Shanley James B, Kamman Neil C, Clair Thomas A, Chalmers Ann
U.S. Geological Survey, P.O. Box 628, Montpelier, VT 05602, USA.
Ecotoxicology. 2005 Mar;14(1-2):125-34. doi: 10.1007/s10646-004-6264-z.
The physical factors controlling total mercury (HgT) and methylmercury (MeHg) concentrations in lakes and streams of northeastern USA were assessed in a regional data set containing 693 HgT and 385 corresponding MeHg concentrations in surface waters. Multiple regression models using watershed characteristics and climatic variables explained 38% or less of the variance in HgT and MeHg. Land cover percentages and soil permeability generally provided modest predictive power. Percent wetlands alone explained 19% of the variance in MeHg in streams at low-flow, and it was the only significant (p < 0.02) predictor for MeHg in lakes, albeit explaining only 7% of the variance. When stream discharge was added as a variable it became the dominant predictor for HgT in streams, improving the model r2 from 0.19 to 0.38. Stream discharge improved the MeHg model more modestly, from r2 of 0.25 to 0.33. Methylation efficiency (MeHg/HgT) was modeled well (r2 of 0.78) when a seasonal term was incorporated (sine wave with annual period). Physical models explained 18% of the variance in fish Hg concentrations in 134 lakes and 55% in 20 reservoirs. Our results highlight the important role of seasonality and short-term hydrologic changes to the delivery of Hg to water bodies.
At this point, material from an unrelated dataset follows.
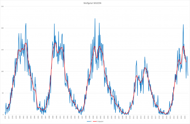 Het bepalen van het Wolfgetal is de belangrijkste activiteit binnen de werkgroep. Er zijn ondertussen al 3 volledige cycli waargenomen door onze leden!
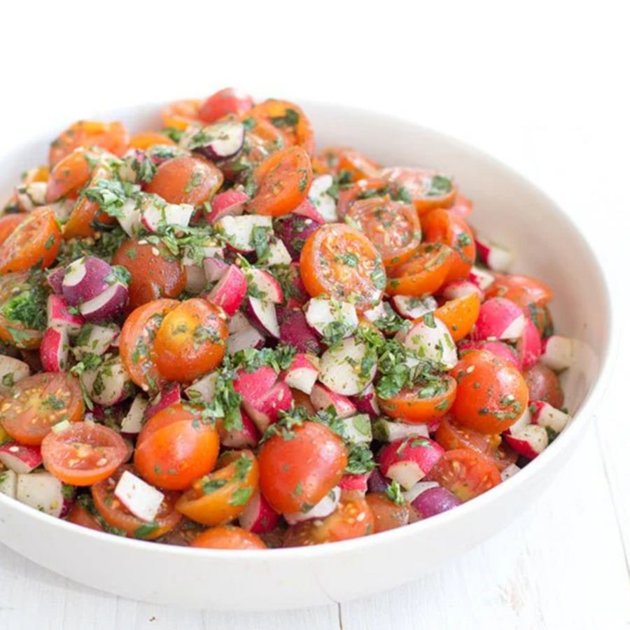 Dùng một cái bát, trộn cà chua với củ cải đỏ và các thành phần nguyên liệu khác, trộn đều và thưởng thức

在美国东北部一个包含693个总汞(HgT)和385个相应地表水中甲基汞(MeHg)浓度的区域数据集中,评估了控制湖泊和溪流中总汞和甲基汞浓度的物理因素。使用流域特征和气候变量的多元回归模型解释了HgT和MeHg中38%或更低的方差。土地覆盖百分比和土壤渗透率通常具有一定的预测能力。仅湿地百分比就解释了低流量溪流中MeHg方差的19%,并且它是湖泊中MeHg唯一显著(p < 0.02)的预测因子,尽管仅解释了7%的方差。当将溪流流量作为变量添加时,它成为溪流中HgT的主要预测因子,将模型r2从0.19提高到0.38。溪流流量对MeHg模型的改善较为适度,从r2为0.25提高到0.33。当纳入季节性项(年周期正弦波)时,甲基化效率(MeHg/HgT)的建模效果良好(r2为0.78)。物理模型解释了134个湖泊中鱼类汞浓度方差的18%以及20个水库中55%的方差。我们的结果突出了季节性和短期水文变化对汞输送到水体的重要作用。